Search Research Note SR2 – Professional search

Search Research Note SR2 – Professional search

by | Mar 19, 2020 | Search

Over the last few years, the concept of ‘professional search’ has evolved rapidly. In 2018 the First International Workshop on Professional Search (ProfS2018) was co-located with SIGIR 2018. A good summary of the Workshop was published in SIGIR Forum. The workshop briefing is only available via ACM Digital Library. The briefing sets out the characteristics of professional search.

  • Heterogeneous information sources. Often professional searchers need to collect and synthesize information from internal and external sources and perhaps in different languages.
  • Highly interactive procedure. The information tasks often involve multiple stages. They commonly exhibit exploratory search behavior with relatively complex queries and long sessions. The information needs are typically high-value and often recall-oriented.
  • Highly specialized activities. Searchers in professional contexts are often engaged with information tasks that are highly complex. Clickthrough popularity is less useful as a ranking criterion in professional search because the information needs are highly specific

Both documents suggest that this is a task dating back on a decade or so. This is misleading. Professional search arrived with the advent of the online search services from Lockheed Dialog, SDC Orbit and BRS services in the early 1980s, with Lexis being the first of the domain -specific services. Searches were carried out by information scientists, special librarians and (in the case of Lexis) junior lawyers, and there were many conferences, research papers and reports on searching behaviour which now seem to have been forgotten.

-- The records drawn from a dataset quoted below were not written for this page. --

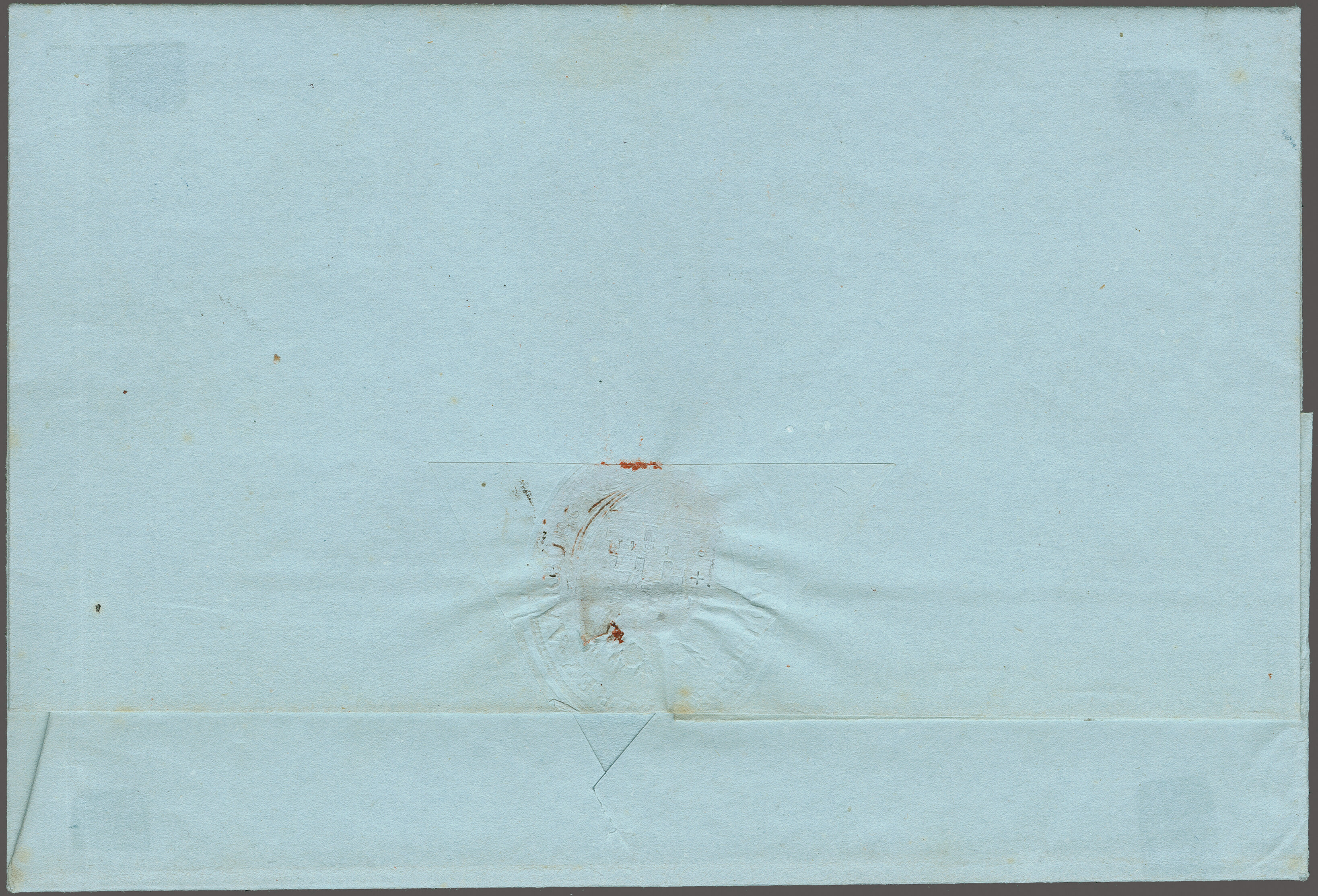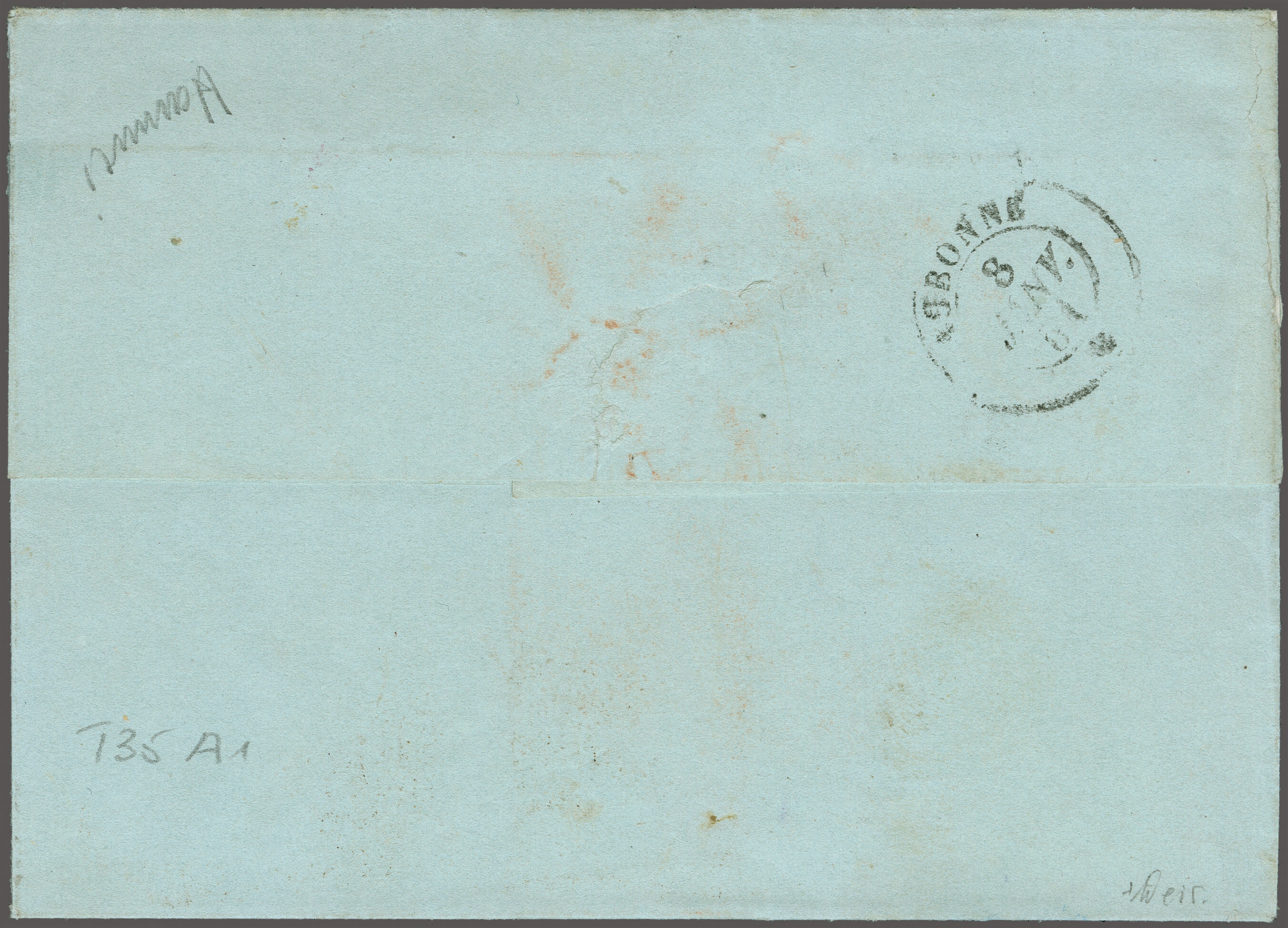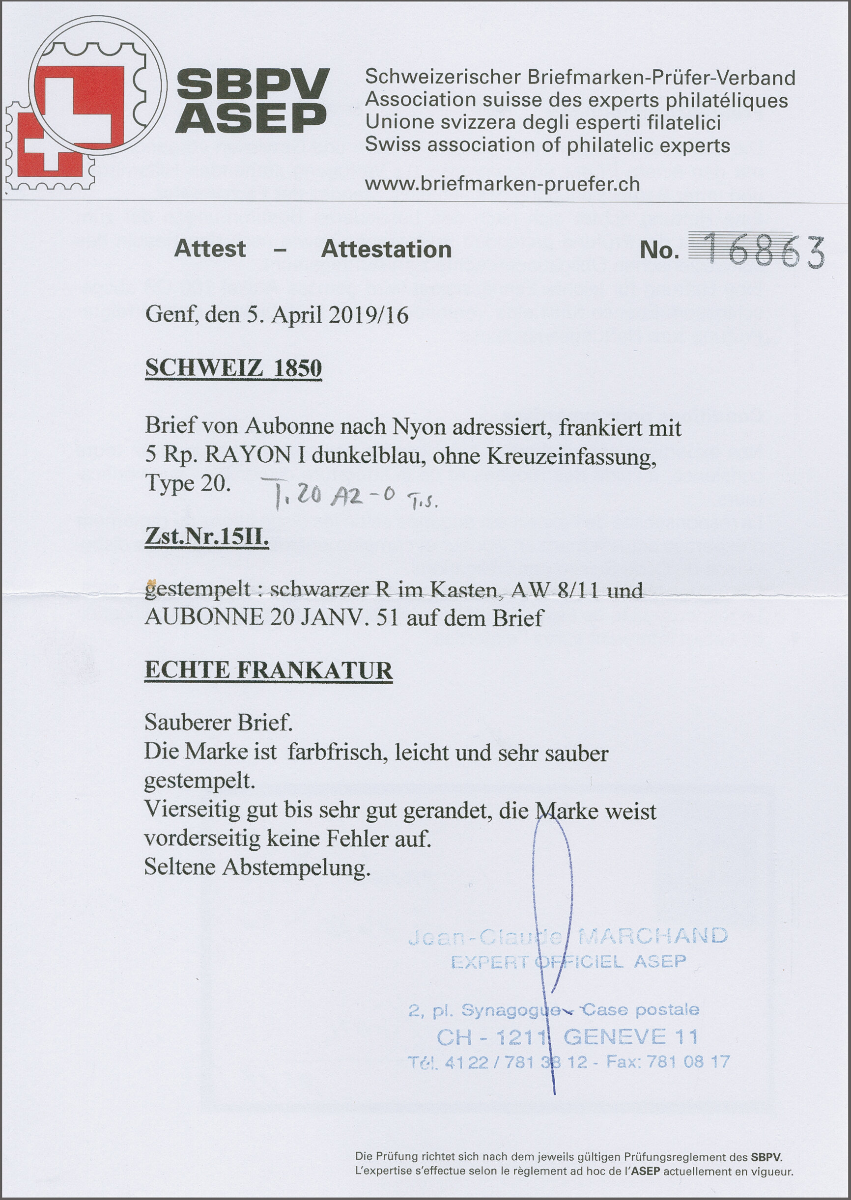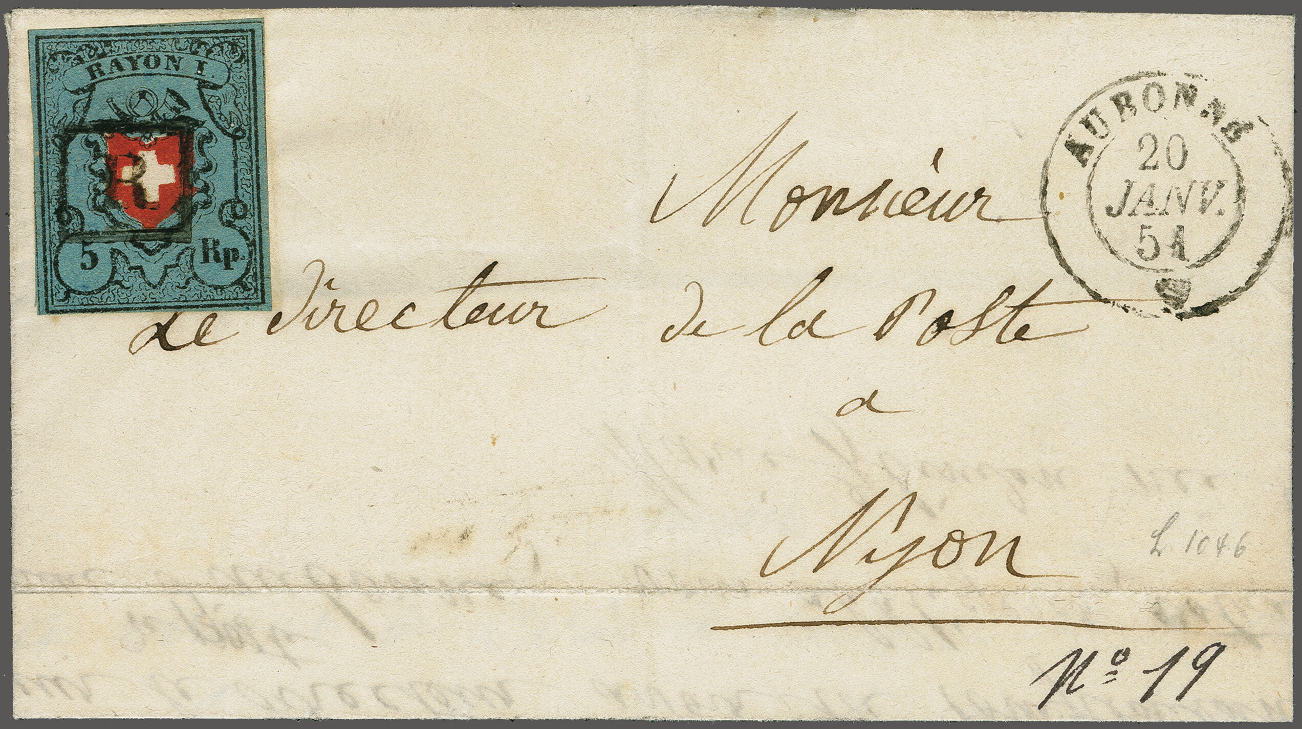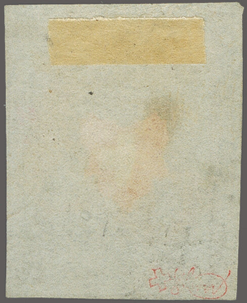11½M" in derselben Farbe auf frischer Faltbriefhülle im 1. Briefkreis nach Aubonne (waagr. Registraturbugspur durch den unteren Teil der Marke schön ausgeglättet). Eine sehr seltene, nur während der 1. Januarhälfte 1851, zur Verwendung gekommene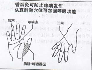 具体治疗方法: 手掌上有许多治疗哮喘有效的穴位。 哮喘穴, 位于食指中指分岔处的手掌上。 该穴是治疗哮喘穴位中最为有效的穴位, 哮喘发作时, 应首选此穴, 在家里, 用香烟灸很有效。 感到烫时, 把香烟从穴位上方移开, 隔一会儿, 再灸一次, 共灸 8 --16 次, 哮喘发作便会止住。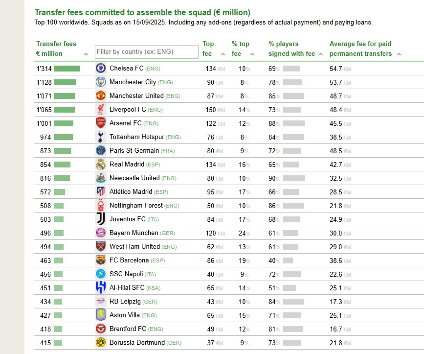 CIES Football Observatory ka publikuar listën e 100 klubeve në botë që kanë investuar më shumë në kartonët e lojtarëve për të ndërtuar skuadrat aktuale të tyre, duke përfshirë edhe bonuset e mundshme të marrëveshjeve. Në krye të renditjes qëndron Chelsea, me një total prej 1,314 miliardë eurosh, ku më i shtrenjti ka qenë Moisés Caicedo (134 milionë euro, 10% e shpenzimit total).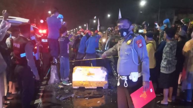 Jakarta - Mobil Camry B-1102-NDY terbakar usai menabrak separator busway di Senen, Jakarta Pusat. Pengemudi dan penumpangnya tewas dalam insiden itu.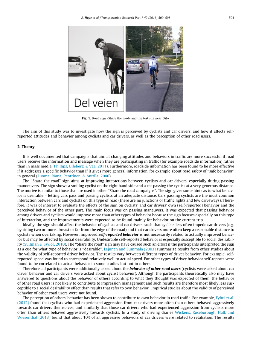 (2)The aim of this study was to investigate how the sign is perceived by cyclists and car drivers, and how it affects self-reported attitudes and behavior among cyclists and car drivers, as well as the perception of other road users.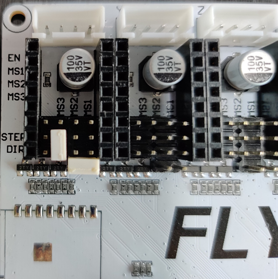 - Place stepper drivers for X, Y, E, Z, Z1, Z2, and Z3 in positions X, Y, E0, E2, E3, E4, E5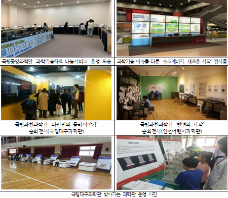 중앙과학관의 ‘과학기술자료 나눔서비스’, 대구과학관의 ‘찾아가는 과학관’, 부산과학관의 ‘찾아가는 작은과학관’ 이 운영되고 있으며 동식물·화석 표본, 과학체험전시물 등을 지원한다.

Some very helpful research into the ways in which patent agents, recruitment agents, legal researchers and medical information specialists search was published in 2018 by Tony Russell-Rose, Jon Chamberlin and Leif Azzopardi.  There are both published and open source versions of the paper. To quote from the abstract of the paper, the survey investigated their search practices and preferences, the types of functionality they value, and their requirements for future information retrieval systems. The results reveal that these professions share many fundamental needs and face similar challenges. In particular, a continuing preference to formulate queries as Boolean expressions, the need to manage, organise and re-use search strategies and results and an ambivalence toward the use of relevance ranking. The results stress the importance of recall and coverage for the healthcare and patent professionals, while precision and recency were more important to the legal and recruitment professionals.

In my SearchCheck assessment I specifically ask about whether the requirements of professional searchers have been taken into account, and the response is usually a quizzical one about what I am talking about – which instantly answers the questions. There is so much detail in the research paper that I am not going to try and summarise it. My take-aways are

  • Professional searchers have very specific requirements in trying to find business-critical information
  • They depend on the extensive functionality of high-end search applications, though each user group has slightly different requirements.
  • The skills and experience of these searchers could be of significant value to the organisation in helping an enterprise search team enhance the performance of other applications

This paper should be essential reading for any search manager as it discusses a wide range of search challenges and requirements which are of direct relevance to any enterprise search application. There are quite a number of research papers being published on this topic. A simple search for “professional searchers” in Google Scholar listed out over 1000 results since 2016. Reading any of them will give important insights into how people search inside organisations and just how different the process is to web search.